The interference group generator 330 generates an interference group between cells having an interference signal level of a predetermined level or more based on the interference signal information received from each of the RASs 130 to 134. That is, the interference group generator 330 generates interference groups between preamble indexes having interference signal levels having a predetermined level or more.

The scheduling information setting unit 340 determines the number of users for each RAS 130 to 134 in the interference group, and sets offset and zone information corresponding to the number of users for each RAS 130 to 134. To generate scheduling information.

The usage mode information DB 350 may display usage mode information regarding the number of users connected to each RAS 130 to 134 or the idle state or traffic state of the user terminal for each RAS 130 to 134. Saving.
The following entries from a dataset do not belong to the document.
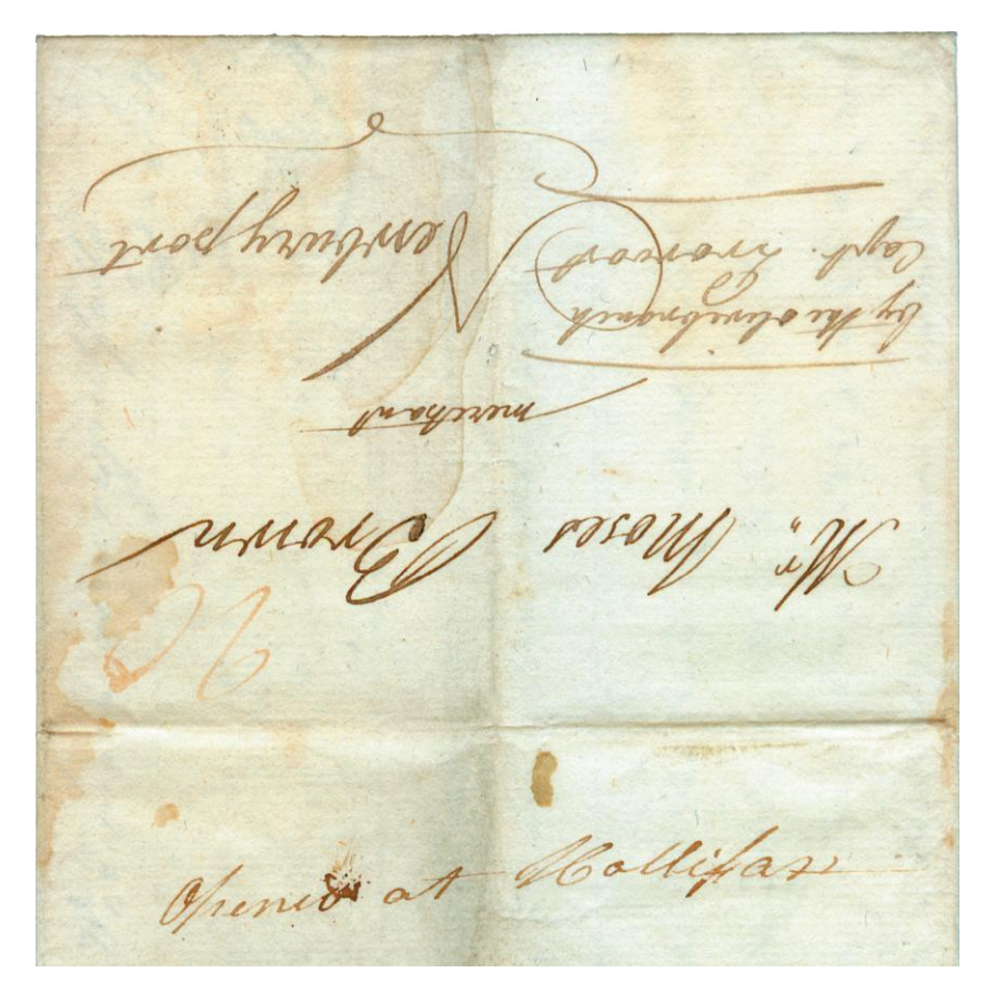
1795 – Holland to U.S.A. by Private Ship during Anglo-French War – Ship's Mail Censored by British – Manuscript – Opened at Halifax – Ship to Halifax either forced or voluntary.
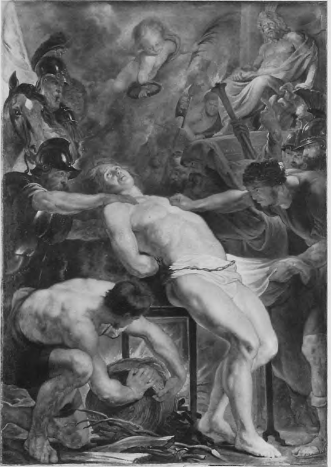
71. Rubens, The Martyrdom of St. Laurence (No. 126). Schleissheim, Schloss
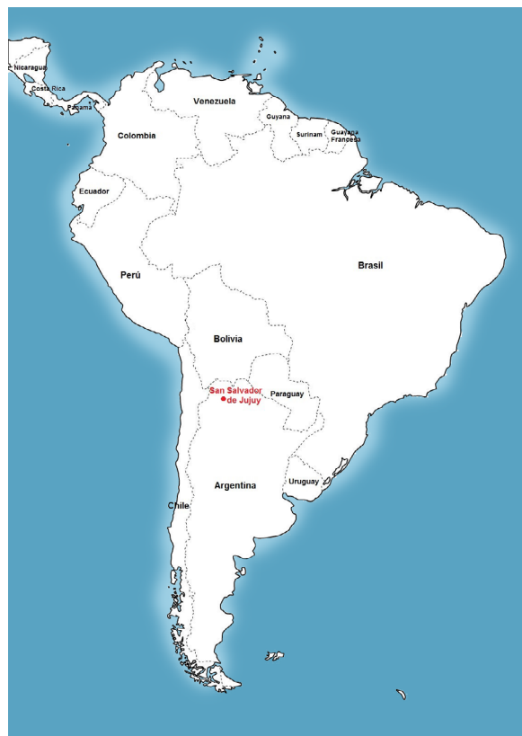
Figure 1: Map of South America

and the border; the province and the valley region, among which also circulates a historical experience in each of these cases. Nevertheless, imagining the city as a local space in a context of crossings as specific as in the San Salvador de Jujuy case requires assuming the agency of the local over and above the path of the global, the national, or even the regional (Massey, 2005). Here, we refer to the common difficulties of observing specific situations in the context of analysis, when the terrains being analyzed are not those most commonly seen in the academic, political or media context. Many studies on cities refer to context in which notions such as metropolises, 4 megacities (Bolle, 2008), or megalopolises (Freitag, 2012) or the role of periphery cities as a function of global cities (Sassen, 1999) are at the forefront. Allusions to Latin American, Argentina, and Northwest Argentina features are common, as if it was possible to amalgamate a whole series of differentiated historical process and specific cultural frameworks in one metalepsis. Beyond this, there has been a tradition that considers the foundational factors of Latin American urbanities as revolving around the colony and the configuration of nation-states (Martínez, 1997; Rama, 1998; Romero, 2010). All of these warnings are taken into account when constructing a problematization that focuses on San Salvador de Jujuy, a medium-sized city and capital of a border province (See Figure 1).
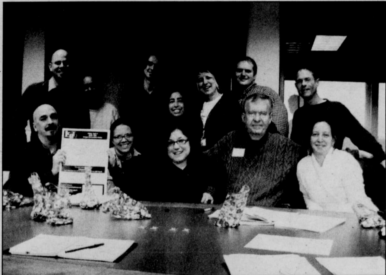
The 2008 Meaningful Care Conference committee brings attention to health care disparities for sexual minorities.

Figure 4 is a schematic diagram showing the internal configuration of the RAS according to the present invention.

Referring to FIG. 4, each of the RASs 130 to 134 according to the present invention includes a communication unit 410, a control unit 420, an interference signal information generation unit 430, a scheduling information storage unit 440, and a scheduling execution unit 450. ).

The communication unit 410 communicates with the ACR 120 or with a mobile communication terminal in a cell.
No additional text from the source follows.